Это тут же заткнуло миссис Риддл.
— Он удалился в сельскую местность и следит за делами поместья, — сказал мистер Риддл, впервые заговорив. — Мы никогда не были созданы для жизни в городе, никогда. Смог и ядовитые газы — лишь некоторые вещи, которым мы противимся в городе. Война сделала всё лишь более опасным — последние несколько лет стали воистину трудными для Британии и её городов: все эти немецкие бомбы и полчища беженцев, кто его знает откуда. Не понимаю, как кто-либо из вас ступает за дверь без страха за собственную жизнь.
— Разумеется, — добавила миссис Риддл, и её слова сочились надменной помпезностью, — с опасностью или нет, мы всё превозможем ради нашего дорогого Томми, не так ли?
— Конечно, дражайшая.
Цветы на краю стола завяли от пристального взгляда Тома.
Мама и миссис Тиндалл обменялись многозначительными взглядами несколько раз за время ужина — ни одну из них не впечатлили мнения Риддлов: обе их семьи жили в Лондоне в последние несколько лет войны, включая «Блиц», — и они обе занимались общественной работой в худшие времена. Было очевидно, что Риддлы и пальцем не пошевелили для помощи, даже не потрудились соблюдать простые приличия нормирования. То, как мистер Риддл безответственно намазывал толстым слоем масло на булочку, когда появилась маслёнка, лишь подтвердило это, потому что все остальные соскоблили лишь немного масла, даже Грейнджеры, покупавшие его в волшебной лавке, и им не было нужды его экономить, но они всё равно это делали, чтобы дипломатично относиться к маленьким порциям, которые получали все остальные в городе.
Роджер Тиндалл неотрывно смотрел в свою тарелку, чтобы сдержать смех, пока выражение лица Тома становилось всё более и более пустым, будто он уходил в глубины своего воображения, чтобы избежать бессмысленной посредственности, ставшей его нынешней реальностью.

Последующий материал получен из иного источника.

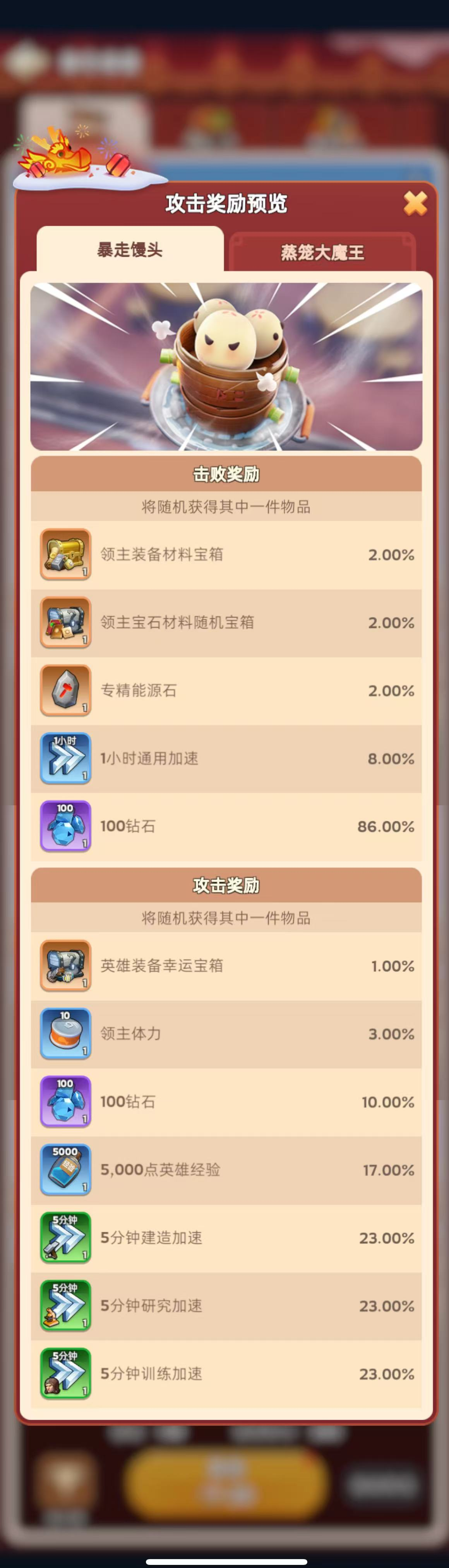 - 1.活动期间,领主可参加【馒头大暴走】,攻击暴走馒头,获得吉庆积分来提升等级并解锁奖励。

Затем, когда ужин подошёл к концу, и взрослые удалились в парадную залу, а дети направились в семейную гостиную, Роджер захлопал в ладоши и сказал:
— Высшее представление, Риддл! Абсолютно разгромное! У меня никогда раньше не было подобных развлечений за ужином, хотя мой дедушка почти доходил до этого уровня после бутылки-другой хорошего хереса. Уверен, что запомню эту ночь на всю оставшуюся жизнь.